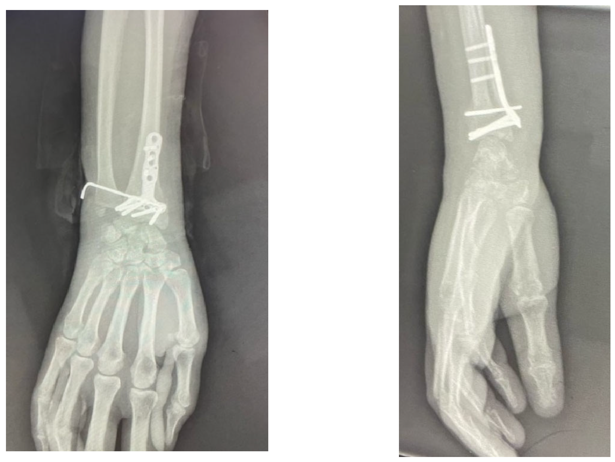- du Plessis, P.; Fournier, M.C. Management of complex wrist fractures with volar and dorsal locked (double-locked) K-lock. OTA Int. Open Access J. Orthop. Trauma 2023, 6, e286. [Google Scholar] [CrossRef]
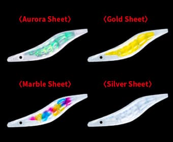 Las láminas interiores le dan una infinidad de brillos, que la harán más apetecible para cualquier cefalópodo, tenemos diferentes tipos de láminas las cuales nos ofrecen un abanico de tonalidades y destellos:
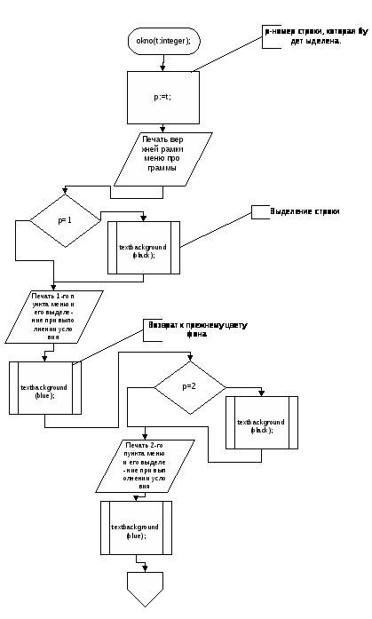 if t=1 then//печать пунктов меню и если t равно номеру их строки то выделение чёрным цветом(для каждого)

* * *

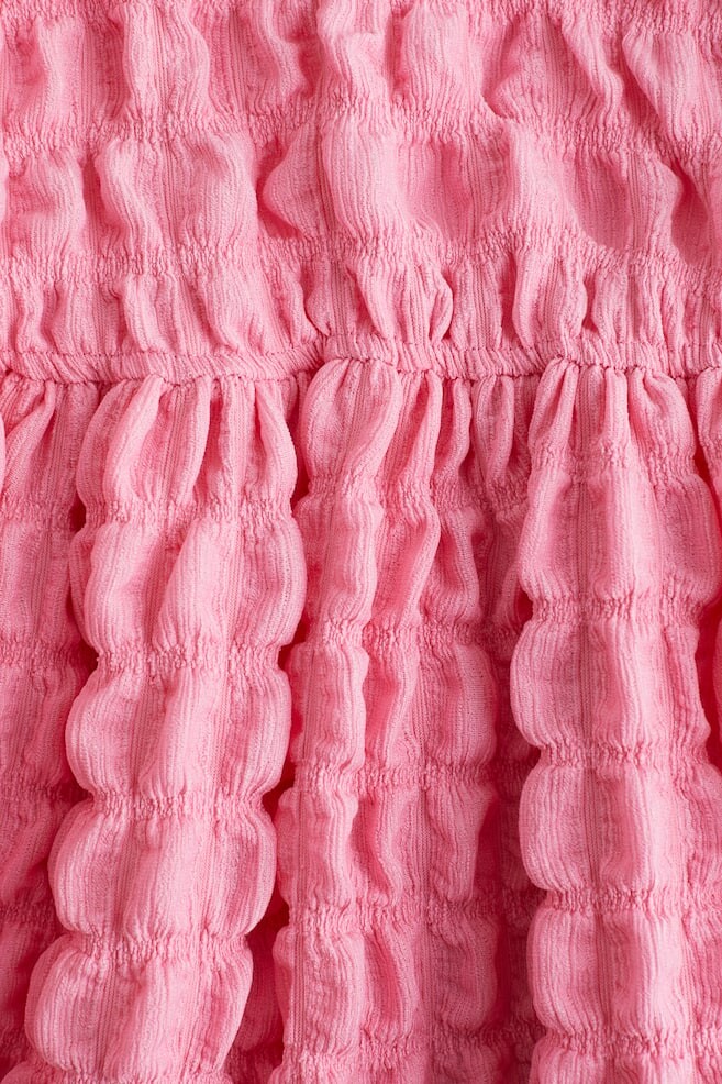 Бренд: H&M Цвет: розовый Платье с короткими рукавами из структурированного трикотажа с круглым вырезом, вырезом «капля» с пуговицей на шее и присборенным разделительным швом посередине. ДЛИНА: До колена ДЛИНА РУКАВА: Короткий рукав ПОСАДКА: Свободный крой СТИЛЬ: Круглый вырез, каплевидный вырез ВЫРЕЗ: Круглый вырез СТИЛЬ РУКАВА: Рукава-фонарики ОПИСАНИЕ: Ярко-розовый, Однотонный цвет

---

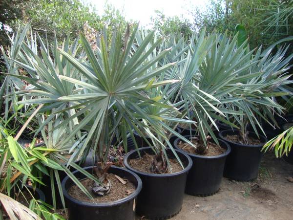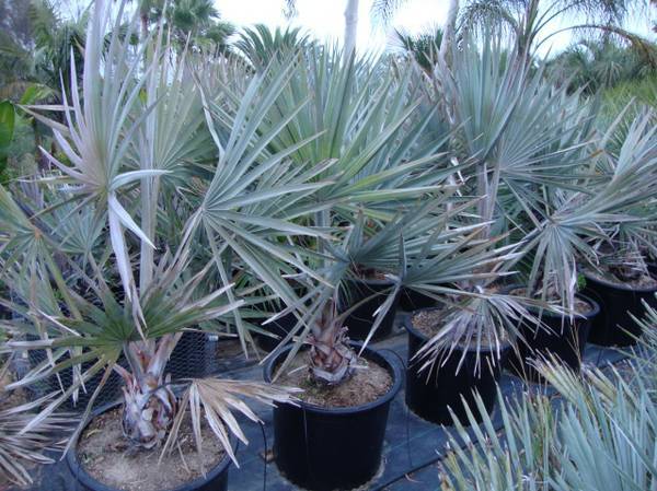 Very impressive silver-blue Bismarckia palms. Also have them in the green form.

**Task goal:**
Taking the entries above, copy word for word the lines from the one with "Las láminas interiores" up to and including the one with "if t=1 then//печать", without any picture.

**Solved problem:**
 Las láminas interiores le dan una infinidad de brillos, que la harán más apetecible para cualquier cefalópodo, tenemos diferentes tipos de láminas las cuales nos ofrecen un abanico de tonalidades y destellos:
 if t=1 then//печать пунктов меню и если t равно номеру их строки то выделение чёрным цветом(для каждого)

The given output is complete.